Task statement -> This task asks for the lines from the one with "The trail was" to the final line below, repeated exactly, with pictures omitted.

─── Input data ───

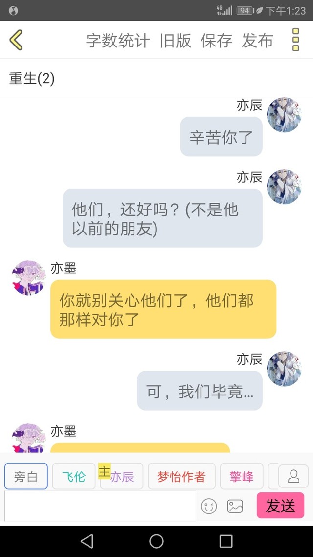 作者这里的“他们”不是他以飞伦身份交的朋友,而是他以亦辰身份交的朋友
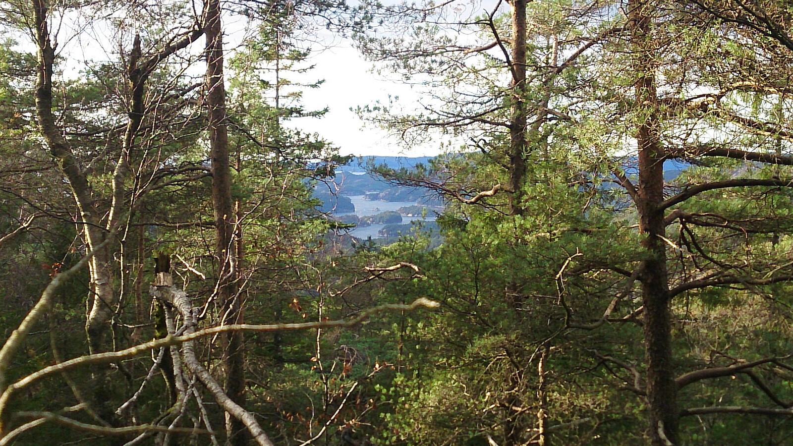 The trail was however quickly replaced by numerous deer tracks, which I partially followed on my way to the summit. The terrain was full of trees and a bit disorienting, hence the GPS was good to have when trying to locate the highest point. The summit provided limited views, but both Lyshornet and Lysefjorden could be spotted in-between the trees.
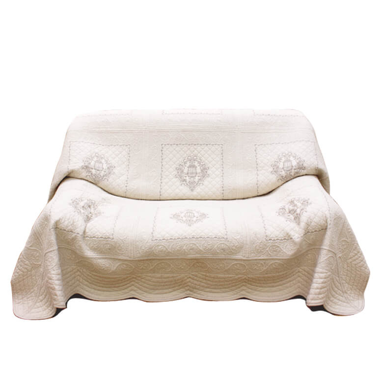 刺繍入りコットンキルト マルチカバー 約135×195cm [romanice]

───

Answer space ->
 The trail was however quickly replaced by numerous deer tracks, which I partially followed on my way to the summit. The terrain was full of trees and a bit disorienting, hence the GPS was good to have when trying to locate the highest point. The summit provided limited views, but both Lyshornet and Lysefjorden could be spotted in-between the trees.
 刺繍入りコットンキルト マルチカバー 約135×195cm [romanice]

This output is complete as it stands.